As humanidades e as ciências sociais devem ser usadas para ampliar a perspectiva da Educação Comparada. Até hoje não podemos explicar adequadamente nenhum programa escolar sem pô-lo em relação com as convicções filosóficas da sociedade a que serve, nem comparar as mudanças educacionais ignorando o período histórico em que estas se deram11. Hoje a análise comparativa preocupa-se com o impacto sociológico da educação sobre a formação da opinião pública, o papel económico da educação como investimento público, ou a mudança de fronteiras entre o direito dos pais e o da organização política em determinar os programas da escola.

(....)

Os educadores comparativos devem recorrer mais à Psicologia que, após os malogrados estudos de caráter nacional da década de 1930, é hoje muito negligenciada. As ciências naturais, a despeito das exortações de C. P. Snow, são raramente usadas na análise comparativa. São também ignoradas a Literatura, a demografia e a religião12. Faça-se da vigorosa preparação uma disciplina central, digamos a Ciência Política, um pré-requisito da Educação Comparada e ganharão os seus pesquisadores força para explorar as disciplinas correlatas à maneira dos cientistas sociais.

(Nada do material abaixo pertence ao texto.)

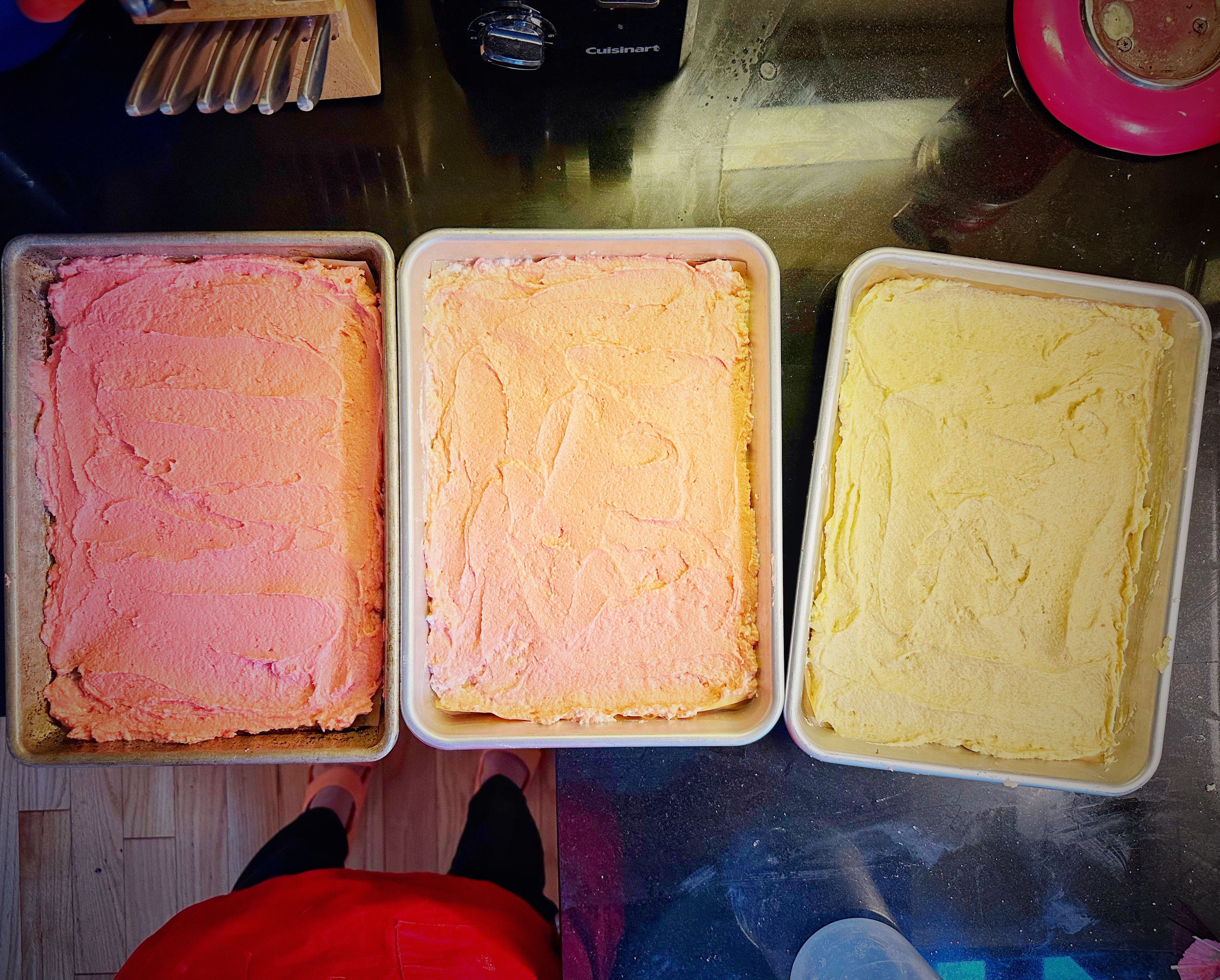 - Spread the separate batters into each of the prepared pans with an offset spatula, evenly, all the way to the edges of the pan.

O segundo passo analítico em estudo de área é submeter toda a informação pedagógica acumulada à prova de relevância social. Neste ponto o pesquisador deve procurar a significação mais larga dos dados educacionais em termos de sociedade em geral. Aqui, as crianças da escola são consideradas não só como alunos mas também como grupos de idade (Estatística), subculturas da adolescência (Sociologia), espírito em formação (Filosofia) ou potencial humano (Economia). A interpretação consiste em usar, um após outro, os métodos de abordagem das várias ciências sociais para lançar nova luz sobre os dados pedagógicos colhidos. Referindo-os a uma rosácea de diferentes disciplinas, o estudante se torna capaz de avaliar não apenas os acontecimentos educacionais mas também suas causas e conexões. É o porque mais do que o como que permite avançar para a direta comparação.

BEREDAY, George Z. F., Método comparado em educação, Companhia Editora Nacional, São Paulo, 1972, pp. 38-51.

11 A obra de Robert ULICH é o último exemplo de uma abordagem histórica.12 SNOW, The Two Cultures and the Scientific Revolution, (Cambridge University Press, Cambridge, 1959). O livro é

notável como ensaio de Educação Comparada por um não-especialista.